**Assignment:**
Exclude all pictures from your copy of the data below, which should otherwise match exactly.

**Raw data:**

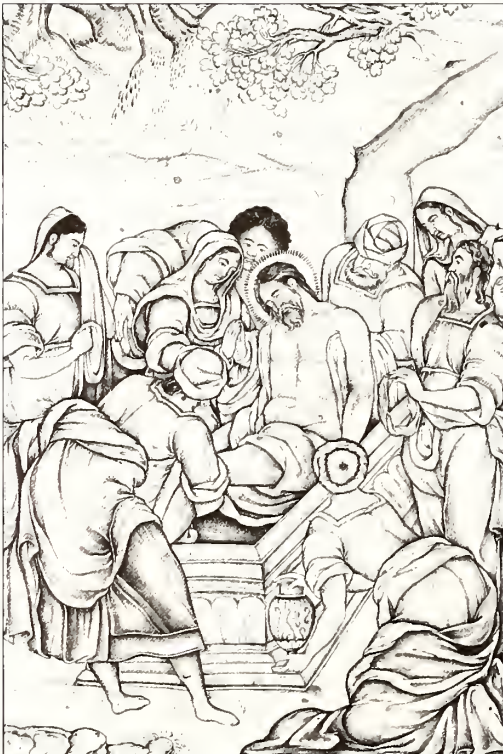
Figure 26. The Entombment of Christ , after Hieronymus Wierix. India, Mughal period, Salim studio, Akbar period, ca. 1599–1605. Album page; ink on paper, image: 16.5 x 11, folio: 31.5 x 20. Free Library of Philadelphia, Rare Book Department, John Frederick Lewis Collection of Oriental Manuscript Leaves M.92
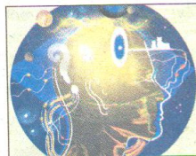
MEETING OF MINDS

Indore: A three-day international conference on knowledge and wisdom through shared learning started on Thursday at the Indian Institute of Management (IIM-I), Indore. The conference is being organized to bring together and provide a platform to library and information science professionals, academicians and educationists to present papers, discuss, ex-

**Answer:**
Figure 26. The Entombment of Christ , after Hieronymus Wierix. India, Mughal period, Salim studio, Akbar period, ca. 1599–1605. Album page; ink on paper, image: 16.5 x 11, folio: 31.5 x 20. Free Library of Philadelphia, Rare Book Department, John Frederick Lewis Collection of Oriental Manuscript Leaves M.92
MEETING OF MINDS

Indore: A three-day international conference on knowledge and wisdom through shared learning started on Thursday at the Indian Institute of Management (IIM-I), Indore. The conference is being organized to bring together and provide a platform to library and information science professionals, academicians and educationists to present papers, discuss, ex-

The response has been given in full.